AIM OF THE TASK –
Go to the line holding "Ultra-Quiet Enclosed Pedestal" in the data below and repeat it exactly, then each line after it up to and including the one holding "Similar to S-655.". Omit pictures.

SOURCE INFORMATION –
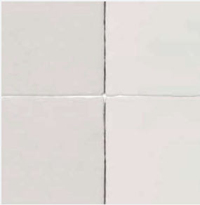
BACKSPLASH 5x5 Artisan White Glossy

---

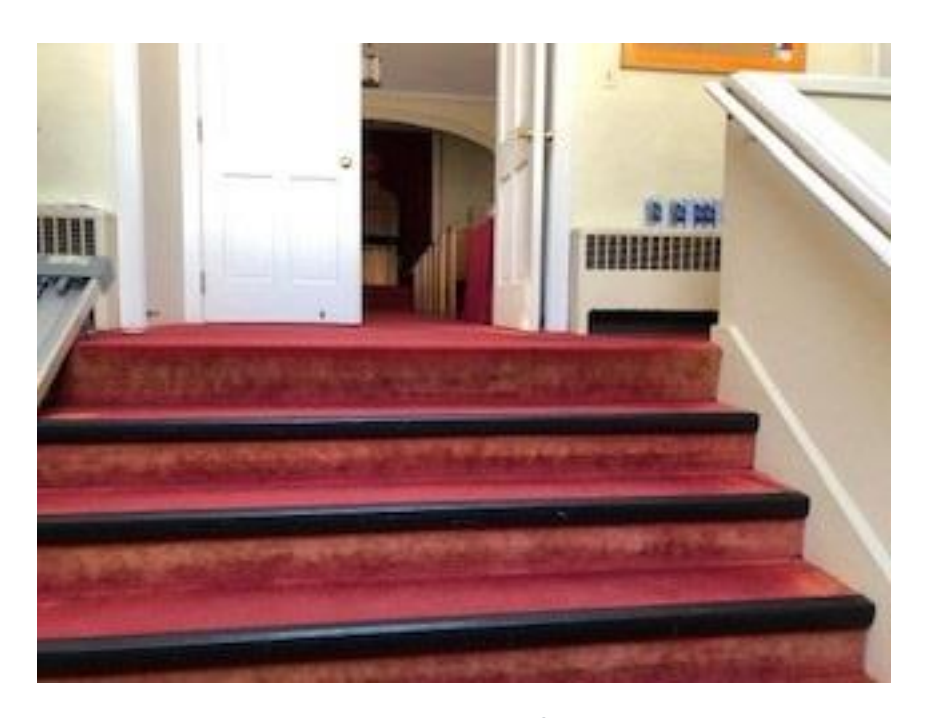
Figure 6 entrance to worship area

==

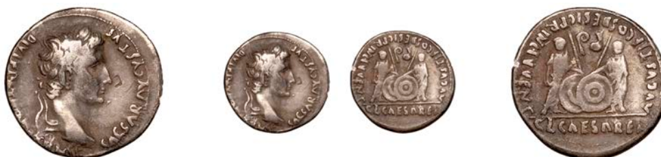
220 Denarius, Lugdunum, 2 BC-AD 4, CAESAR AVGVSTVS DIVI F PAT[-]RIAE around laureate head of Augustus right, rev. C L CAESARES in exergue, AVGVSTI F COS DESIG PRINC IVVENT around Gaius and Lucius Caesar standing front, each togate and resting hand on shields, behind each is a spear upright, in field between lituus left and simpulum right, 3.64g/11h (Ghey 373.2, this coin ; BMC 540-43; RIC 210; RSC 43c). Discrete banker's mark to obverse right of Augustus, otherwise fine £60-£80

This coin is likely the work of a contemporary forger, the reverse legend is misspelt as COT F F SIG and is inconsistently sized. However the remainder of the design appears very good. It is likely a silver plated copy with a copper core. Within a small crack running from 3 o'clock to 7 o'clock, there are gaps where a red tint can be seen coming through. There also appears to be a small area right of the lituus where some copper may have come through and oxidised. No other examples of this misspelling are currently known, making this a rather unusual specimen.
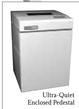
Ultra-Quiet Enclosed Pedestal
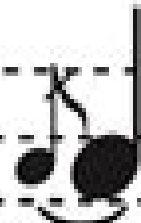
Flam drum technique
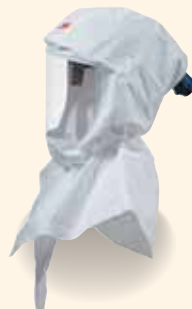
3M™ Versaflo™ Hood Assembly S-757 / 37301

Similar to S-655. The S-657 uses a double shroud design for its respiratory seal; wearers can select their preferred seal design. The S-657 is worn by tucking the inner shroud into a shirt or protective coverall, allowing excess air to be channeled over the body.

TASK RESULT –
Ultra-Quiet Enclosed Pedestal
Flam drum technique
3M™ Versaflo™ Hood Assembly S-757 / 37301

Similar to S-655. The S-657 uses a double shroud design for its respiratory seal; wearers can select their preferred seal design. The S-657 is worn by tucking the inner shroud into a shirt or protective coverall, allowing excess air to be channeled over the body.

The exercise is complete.